遅いインターネット

Twitter/Xは2010年頃から始めた。2024年始時点で総ツイート数が7万件近くになっている、そこそこヘビーユーザーな方だと思うが、サービスのありようもユーザー層も変わり、自分の効用的にも翳りが見えてきたので、そろそろ離れたいなあと思っている。ここ1年くらいは、やめたいな~やめたいな~と言いつつ完全に手癖で見続けてしまっている状態なので、決意を込めて、なんでやめたいのか、やめたほうがいいのか、を整理してみる。

いらない情報の押し付けがしんどくなってきた

既に多くの人が言及しているところだが、「自分の好きなもので厳選したシンプルなタイムライン」の提供がなくなったのは大きなマイナスポイント。トレンド設定の国をアラブ首長国連邦にして文字と内容を理解できないようにして、さらにfilterをかけることでフォローしてる人の投稿だけを読むようにしているが、いらない情報が完全に目に入らないようにすることは難しく、ずるずるとそっちを見ては情報疲れしてしまっている。やめたい…。

自分の頭で考えられなくなってきた

だいたいXは年がら年じゅう揉めているので、その議論や主張を眺めていると自分も考えている気分になる。しかし自分の場合、あまり詳しくない分野については、どっちの言い分に理がありそうか程度でぼんやり眺めていて、何か怒りっぽいものが沸いた時だけ勢いで突き放してこき下ろしてしまう。これって意味あるのか? 物事の解決や改善からかえって遠ざかるやり方じゃないか? 自分に多少の専門知識や業務スキルがあるものについては大概「見る気も起きない」ということは、SNSに時間をかけるより、一部でも本を読んで勉強するなり、複数人の話をリアルに聞いたりする方がきっといいんだろうなと思うようになった。

災害時に余計にげんなりする

いわゆるデマやインプ稼ぎ、陰謀論、あさっての方向の主張などが乱立するとき「もうほんと嫌や」の気分になる。役立つ情報もあるのだろうが3:97くらいでごく一部な気がする。この方向性も今後、ひどくなることはあっても改善されることはないだろう。役立つ情報は大概、公的情報または企業からの発信なので、自分が情報を取りに行けば無用なストレスが減って万々歳な気がしてきた。

リアルタイムで追いたい&語りたい情報がなくなった

常に最新情報が欲しい!というアーティストもなくなり、リリースやライブについて「今すぐあれこれ言いたい、リアクションも欲しい」時期が去った。ちょっと寂しいけど、まあ自然な変化だと思う。

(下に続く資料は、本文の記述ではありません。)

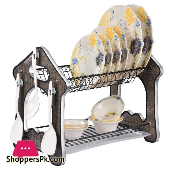 Glam Your Home with this Quality & unique 3 tier Mat Black Color dish rack. The three tier dish rack will bring orderliness with a twist of elegance to your kitchen or dining table. It is designed for easy access of the required piece with no risk on creating a mess since most dinner sets are usually fragile and delicate. Its is equipped with One drainer tray on lower tier to help catch draining water from wet dinners without spillage . Has hooks to hang goblet and cutlery cup.

「ここでしか得られない情報」は実はそこまで必要なものじゃなかった

知らなかった旅先の風景、整った部屋や美食、かわいい犬猫たち。素敵。でもその情報が、その時々の刺激以外に自分に何かを与えてくれたかというと、特に思い当たらない。消費速度も重さもめちゃめちゃ軽い。きれいな画像で見たものや、おおげさなPRで提供される物事の追体験をすることが無意味だとは言わないが、少なくとも自分の中で湧いてくるものが一番目で、知り合いが嬉しそうに教えてくれるものや仕事で味わった課題に関することが二番目でいいと思う。SNSはその秩序をガーッとなぎ倒してしまうところがある、と思う。刺激として強すぎるんかなあ。

それでも残るさびしさと承認欲求との付き合い方を模索したい

今Xで相互フォローしている人はほぼ全員リアルで会った事のある人で、つきあい(?)としては10年選手も多い。他県とかに住んでいてもう滅多に会う機会もない人の生活を垣間見れることは楽しい。数件の「いいね」(ふぁぼ)であっても、あの人に「そうだそうだ」と思って貰えた事がうれしい。この効用が僅かでも残っている限り、アカウントまで消すのはもったいない気がしてしまう。とりあえずは通勤と寝床でXを見ない事から始めて、徐々に離れていけたらいい。

ここまで書いて、なんだか乳離れみたいだなと思った。乳離れをするには新しいものの味に慣れて、その複雑さと楽しみを見出すべし、だと思うので、とにかくちょっとずつやってみよう。タイトルは宇野常寛の著書より、SNSに疲れてしまった方は一読おすすめです。